> The point is exactly that, that ai feels like reviewing other people’s code, only worse because bad ai written code mimics good code in a way that bad human code doesn’t, and because you don’t get the human factor of mentoring someone when you see they lack a skill.
Yeah, that's a good way to put it.
I've certainly felt the "mimics good code" thing in the past. It's been less of a problem for me recently, maybe because I've started forcing Claude Code into a red/green TDD cycle for almost everything which makes it much less likely to write code that it hasn't at least executed via the tests.
The mentoring thing is really interesting - it's clearly the biggest difference between working with a coding agent and coaching a human collaborator.
I've managed to get a weird simulacrum of that by telling the coding agents to take notes as they work - I even tried "add to a til.md document of things you learned" on a recent project - and then condensing those lessons into an AGENTS.md later on.
>I've certainly felt the "mimics good code" thing in the past. Yup, that's what makes reading LLM code far more intense for me in a bad way.
With a human, I'm reading at a higher level than line by line: I can think "hey this person is a senior dev new to the company, so I can assume some basics, let's focus on business assumptions he might not know", or "this is a junior writing async code, danger, better check for race conditions". With LLMs there's no assumption, you can get a genius application of a design pattern tested by a silly assert.Equal(true, true).
>I've started forcing Claude Code into a red/green TDD cycle for almost everything which makes it much less likely to write code that it hasn't at least executed via the tests.

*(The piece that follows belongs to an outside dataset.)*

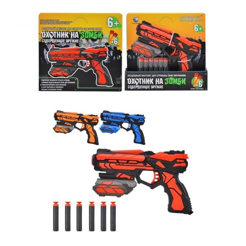 Бластер стреляющий мягкими патронами "Охотник на зомби" 6 софт-патронов, в/к арт.T522-D6350

Funnily, that was my train of thought to keep it tamed as well, but I had very mixed results. I've used cursor more than claude, but with both I had trouble to get it to follow TDD patterns: It would frequently create a red-phase test, then realise it doesn't pass (as expected), think that was an error on its part, and so it would change the test to pass when the bug is reproduced, giving green for the wrong behavior. This pattern reemerged constantly even if corrected.